The company, a spin-off of Japanese conglomerate Toshiba Corp, said it was working to restore full output at the factories in central and northern Japan as soon as possible.
Kioxia’s US-based partner, Western Digital Corp, also confirmed the disruption and estimated that it would cause “a reduction of flash availability of at least 6.5 exabytes” at the plants, which are run by the two companies as a joint venture.
A unit of digital data, there are 1 billion gigabytes in an exabyte.
The type of memory chips affected is called NAND flash chips. They are different from the semiconductors currently in short supply worldwide, which use older technology.
“If this creates a shortage, then prices will rise,” said Jim Handy, a semiconductor industry expert at Objective Analysis.
Two factories being affected “implies that a supplier shipped bad chemicals” to Kioxia, he said.
“Other NAND flash makers are likely to purchase materials from the same supplier, so this could be a big issue,” he added.

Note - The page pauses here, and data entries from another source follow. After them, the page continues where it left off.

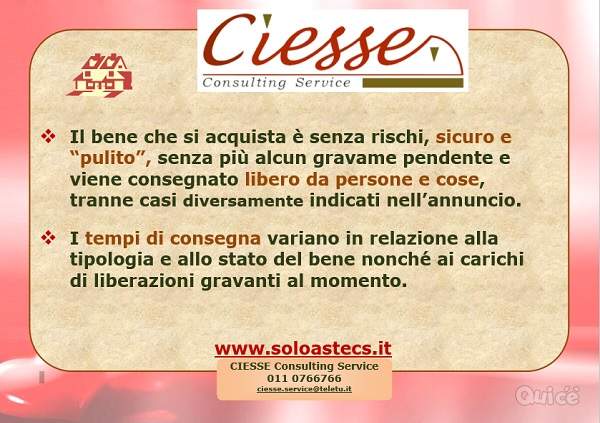 Incarico di consulenza gratuito fino alla partecipazione. - Possibilità di mutuo dal 70% al 100% del valore di aggiudicazione, a seconda delle caratteristiche del cliente e dell'immobile. Consulente in sede. - Tel. 011-0766766 - cell.327.3556295 - Sig. Bruno - solo orari ufficio. Serve recapito telefonico per essere contattati. --- annuncio pubblicato con GESTIONALEIMMOBILIARE.it
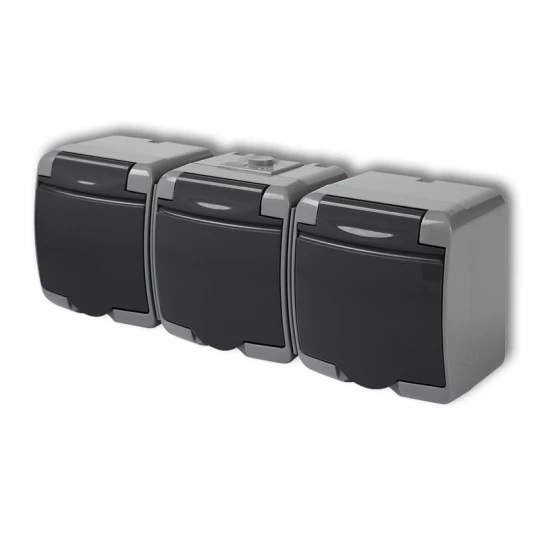 JUNIOR Gniazdo potrójne z/u (klapka dymna) popielaty IP54 10GHE-3d
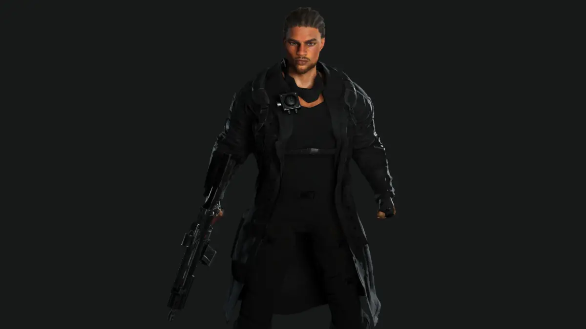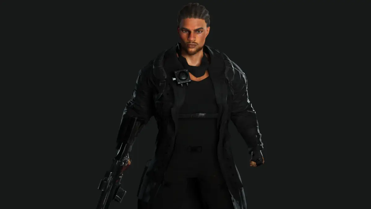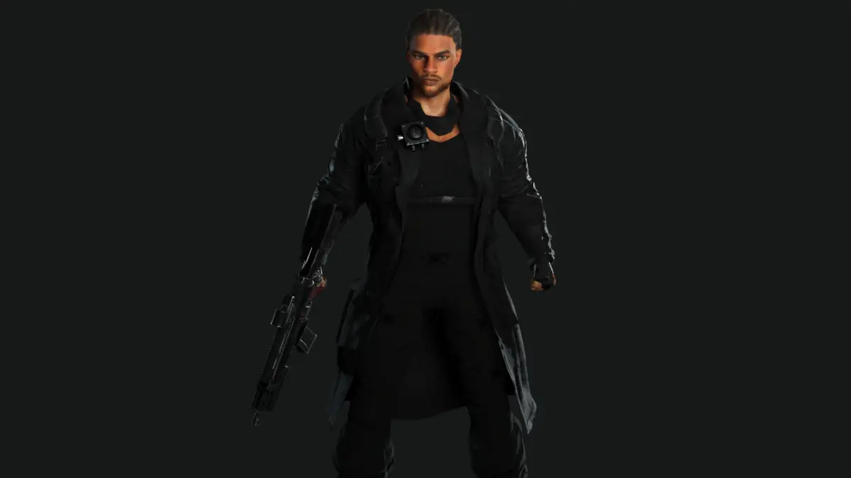 Muscular Black Man, Gun Shooter / Military / Sniper Outfit , Manly Face, Braided hair, black Skin, Green Greyish eyes, Dark hair, Muscular Body Type, Beard, Moustache , Coat, Tshirt, Shoes, Gloves, Bag, Scarf, Radio Pocket, Pants
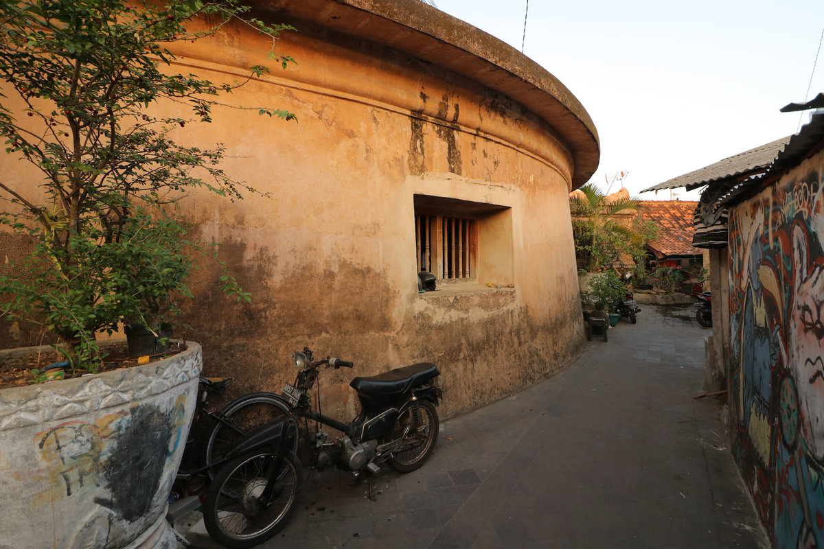 Erschreckt, dass es nach dieser Portion Müßiggang bereits 16:30 war, also etwa eine Stunde vor Sonnenuntergang(!), fuhren wir nochmal zum Wasserschloss, um in dem Altstadtirrgarten nochmal ein wenig herumzustreichen. Das war eine gute Idee, denn dieses Viertel ist wirklich sehr schnuckelig mit seinen seltsamen Wegen, die über Mauern, durch alte Tore und Unterführungen führten und manchmal in einem Wohnzimmer endeten. Viele Häuser sind recht nett hergerichtet, mit viel Grün und Wandgemälden. Einzige Problem war, dass die ganzen Souvenirverkäufer und selbsternannten Fremdenführer uns immer wieder darauf hinweisen mussten, dass das Wasserschloss schon geschlossen sei und dass wir in die falsche Richtung gingen.
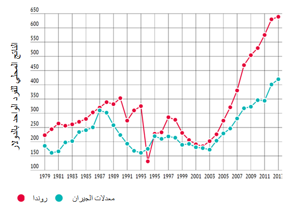 ( النمو الاقتصادي في رواندا والبوسنة مقارنة بدول الجوار )
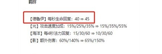 在云顶之弈最新的版本中,德鲁伊得到了增强,每秒的生命回复从40增加到了45。这意味德鲁伊在前中期的回复能力更加强悍。不仅如此,德鲁伊的唯一输出卡——妮蔻,最大法法力值得到了大量缩减!三森林三德鲁伊在前期的有了巨幅加强。
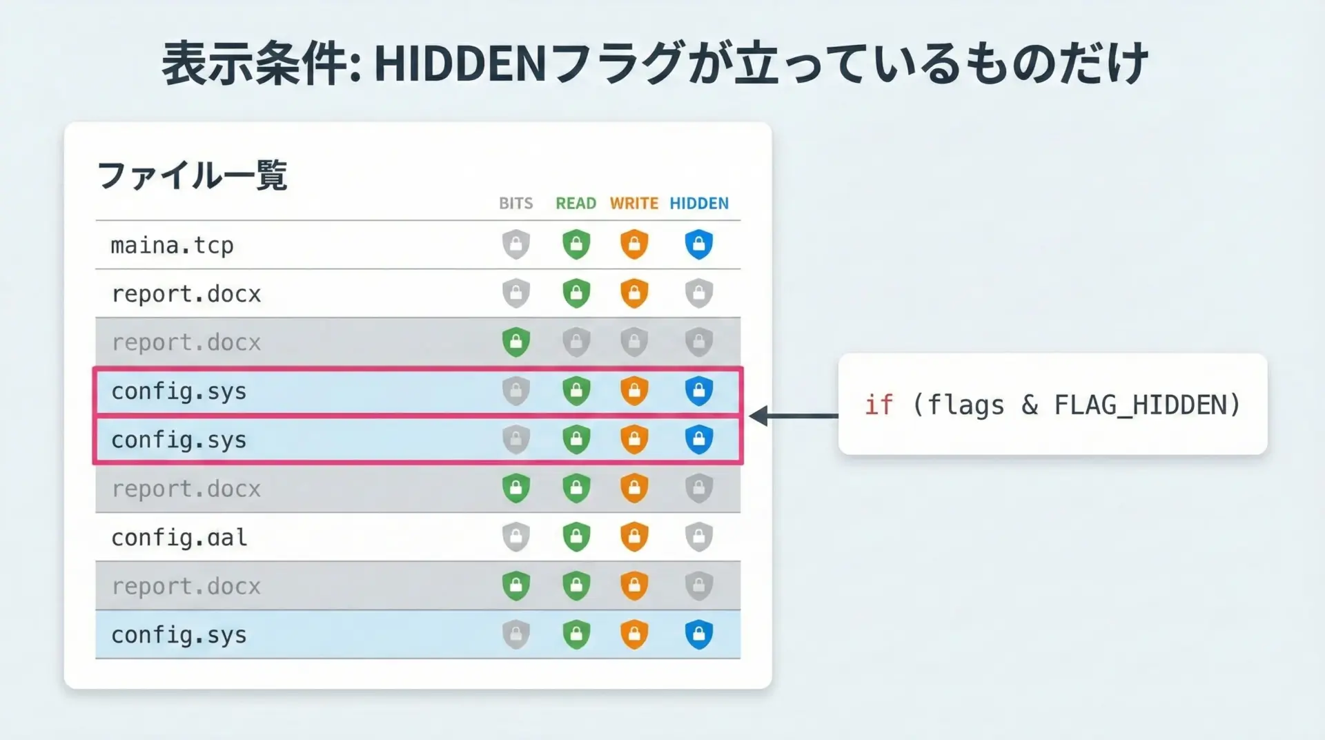 #define FLAG_HIDDEN (1 << 3) // 0000 1000: 隠し属性
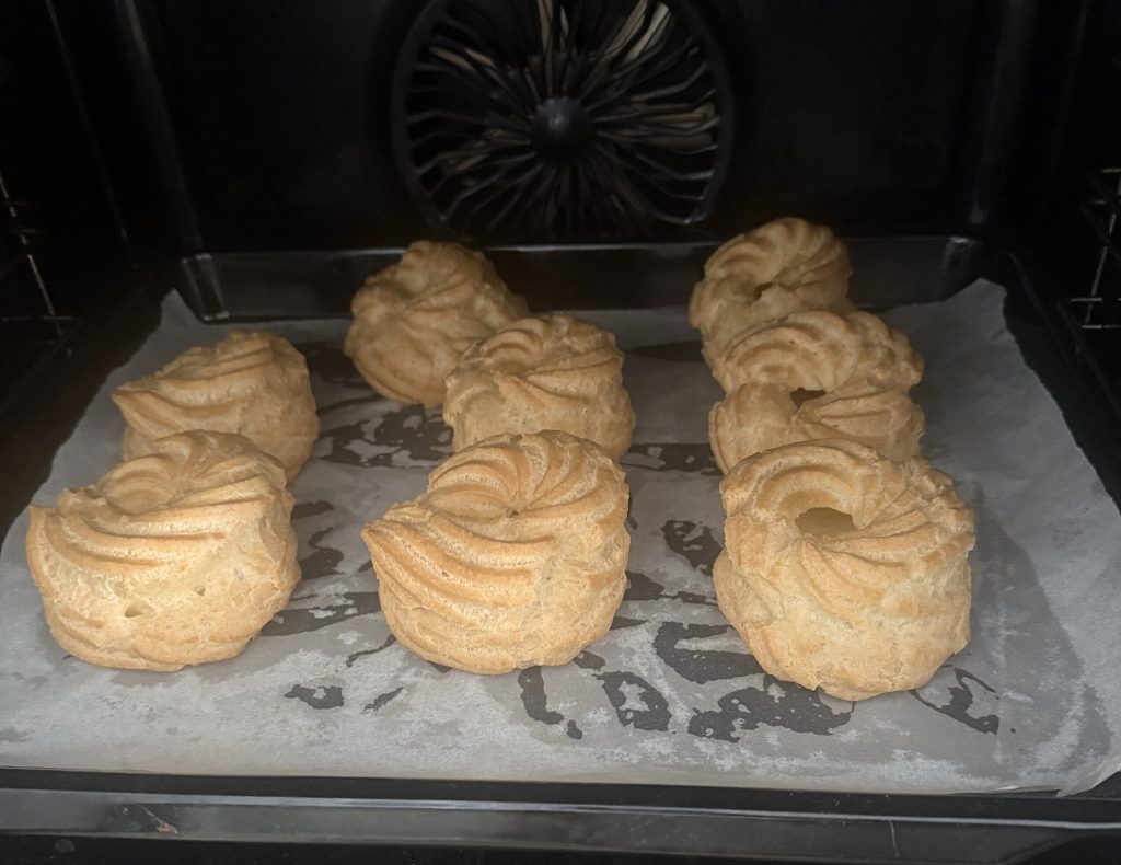 Une fois prête, préparez une poche à douille avec une grande douille étoile et remplissez-la de pâte à choux.Préchauffez le four à 190° ventilé et entre-temps prenez une plaque de cuisson, mettez-y un filet d’huile et posez dessus une feuille de papier sulfurisé. De cette façon, la feuille ne bougera pas.
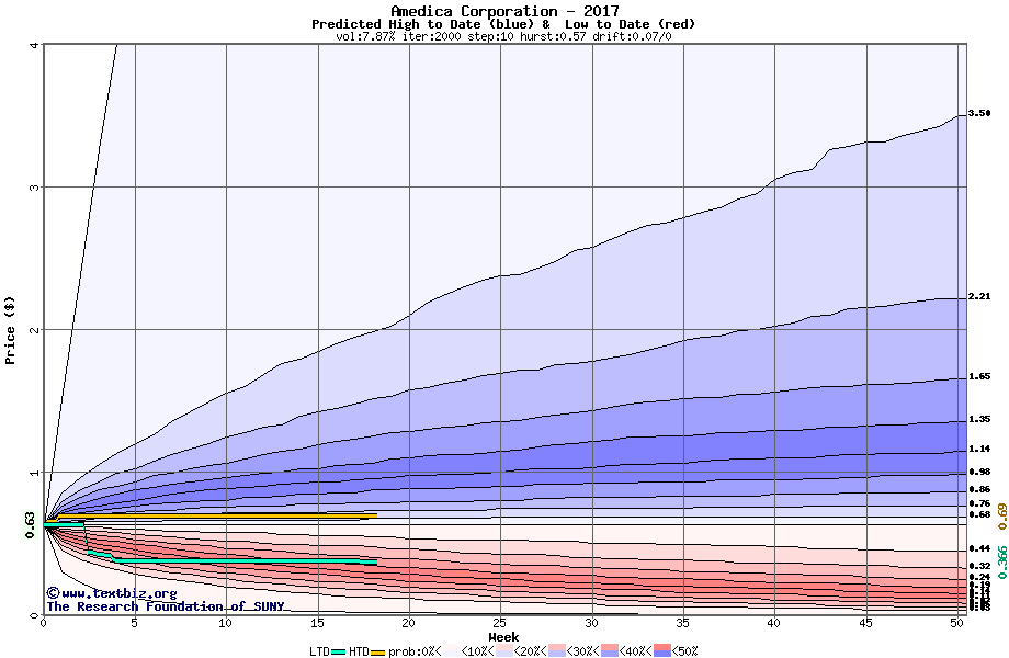 The high to date and low to date prices of the stock plotted against a random walk model for 2017 (what's this?).
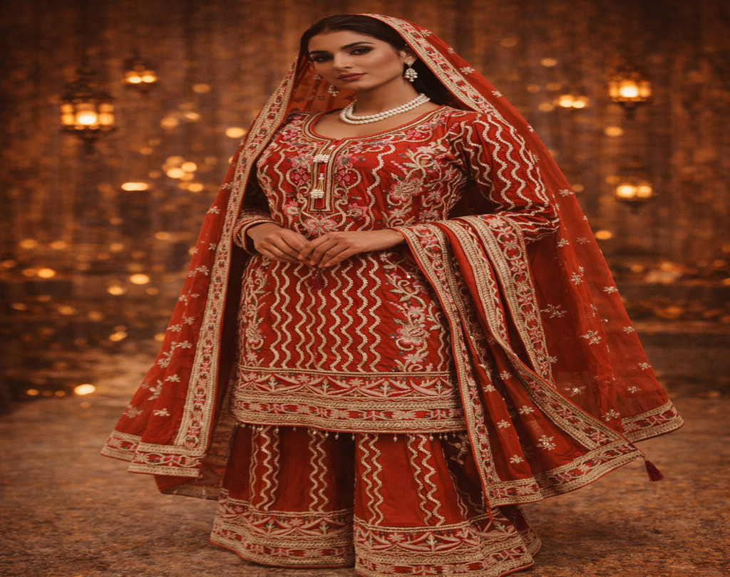 Top Details: Top Type Shirt Style top: Ready To Wear Work Type: Full Work Fabric: Pure Chinon Color: Light Maroon Embellished with: Zari, Crystals, Resham, Gota Work Bottom Details: Bottom Type Plazo : Ready To Wear Fabric: Pure Chinon Color: Light Maroon Embellished with: Zari, Crystals, Resham, Gota Work Dupatta Details: Fabric: Pure Chinon Color: Light Maroon Embellished with: Zari, Crystals, Resham, Gota Work
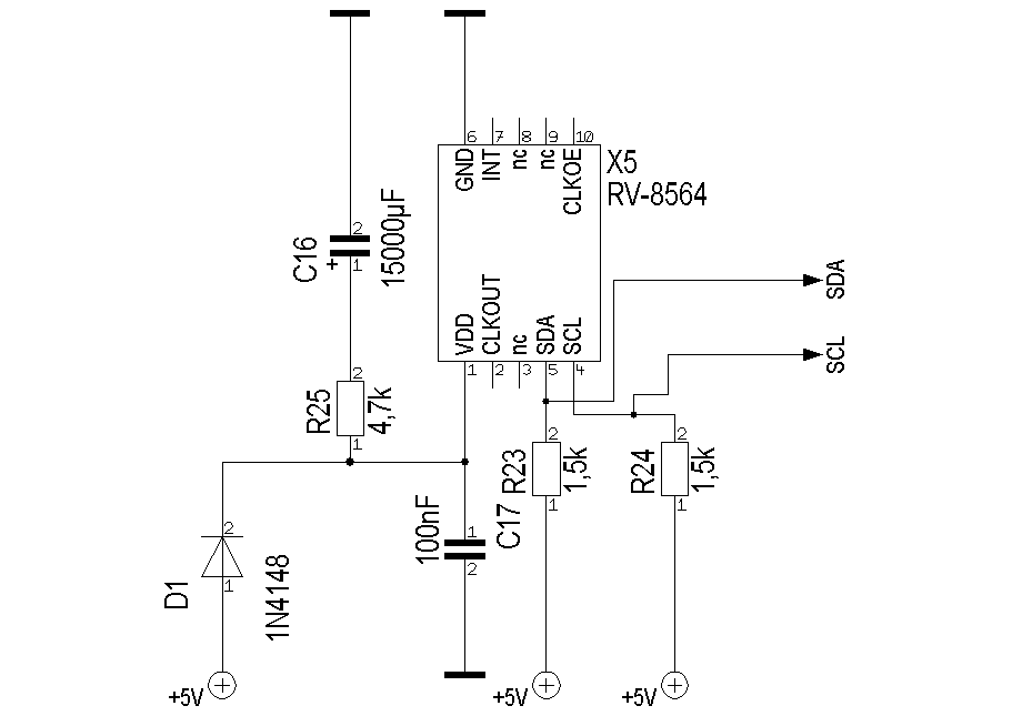 Habe das Problem noch mal etwas eingegrenzt: (Ich betreibe den RV 8564-C2 an einem Arduino Leonardo) Zustand: Supercap geladen, Arduino ohne Versorgungsspannung, pullups angeschlossen, SDA/SCL mit Arduino verbunden... Supercapspannung wird schnell entladen. Zustand: SDA/SCL von Arduino getrennt... Supercap hält Spannung. Anbei mal die Schaltung.
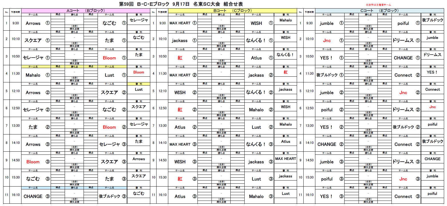 2023.09.09 第59回大会9/17名東SC対戦表のお知らせ

Kioxia, together with Western Digital, holds a 35 percent market share of the global flash memory industry, its Web site said.
Ace Research Institute analyst Hideki Yasuda told Bloomberg News that the disruption could increase flash memory prices, “further adding fuel to the recent component price hike trend stemming from supply shortages.”
Separately, Sumco Corp, a key supplier of silicon wafers for the semiconductor industry, said that it has sold out its production capacity through 2026, a sign that shortages in the industry might not abate for years.
The Japanese company has orders to cover all output of its 300mm wafers for the next five years, it said after reporting earnings on Wednesday.
It is not taking such long-term orders for 150mm and 200mm wafers, but demand is likely to keep surpassing supply for years to come, the company said.
The price of wafers rose by 10 percent last year over the previous year and Sumco expects to see increases continue until at least 2024.
The company said that it could not expand production this year, despite robust demand from customers desperate for long-term supplies.
The company has done what it can in terms of optimizing existing production lines, and its supply-demand imbalance is consistent across its full range of products, Sumco added.